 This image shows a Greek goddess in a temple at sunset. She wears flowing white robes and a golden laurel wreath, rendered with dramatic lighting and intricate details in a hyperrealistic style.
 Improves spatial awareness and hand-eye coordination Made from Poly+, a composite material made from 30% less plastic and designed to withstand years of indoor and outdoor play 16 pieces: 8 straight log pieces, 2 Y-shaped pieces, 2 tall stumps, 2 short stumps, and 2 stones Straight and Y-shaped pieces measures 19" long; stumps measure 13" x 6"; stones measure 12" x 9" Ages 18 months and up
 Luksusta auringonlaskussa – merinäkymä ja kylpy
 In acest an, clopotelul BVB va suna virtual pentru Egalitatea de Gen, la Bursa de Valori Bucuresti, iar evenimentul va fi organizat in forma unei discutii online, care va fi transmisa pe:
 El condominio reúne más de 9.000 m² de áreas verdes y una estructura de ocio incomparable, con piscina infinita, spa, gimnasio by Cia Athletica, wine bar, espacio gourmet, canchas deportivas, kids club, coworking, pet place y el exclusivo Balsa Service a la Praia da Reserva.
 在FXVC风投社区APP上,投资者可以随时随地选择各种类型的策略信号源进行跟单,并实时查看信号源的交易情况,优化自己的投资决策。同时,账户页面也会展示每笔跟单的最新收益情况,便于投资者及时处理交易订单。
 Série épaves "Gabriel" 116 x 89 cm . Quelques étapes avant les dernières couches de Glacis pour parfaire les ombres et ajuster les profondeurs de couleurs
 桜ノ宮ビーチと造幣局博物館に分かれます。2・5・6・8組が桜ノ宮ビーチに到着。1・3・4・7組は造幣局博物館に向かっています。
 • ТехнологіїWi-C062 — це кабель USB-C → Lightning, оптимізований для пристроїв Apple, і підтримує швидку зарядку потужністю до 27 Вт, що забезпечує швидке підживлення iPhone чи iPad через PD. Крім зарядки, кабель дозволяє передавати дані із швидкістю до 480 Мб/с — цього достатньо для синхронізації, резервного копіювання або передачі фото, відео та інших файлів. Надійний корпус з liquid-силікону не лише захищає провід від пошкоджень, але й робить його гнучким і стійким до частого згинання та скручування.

#####

WHAT TO PRODUCE> Return only the part of the records above that opens with the line containing "profondeurs de couleurs" and closes with the line containing "桜ノ宮ビーチと造幣局博物館に", ends included.

ANSWER SECTION>
 Série épaves "Gabriel" 116 x 89 cm . Quelques étapes avant les dernières couches de Glacis pour parfaire les ombres et ajuster les profondeurs de couleurs
 桜ノ宮ビーチと造幣局博物館に分かれます。2・5・6・8組が桜ノ宮ビーチに到着。1・3・4・7組は造幣局博物館に向かっています。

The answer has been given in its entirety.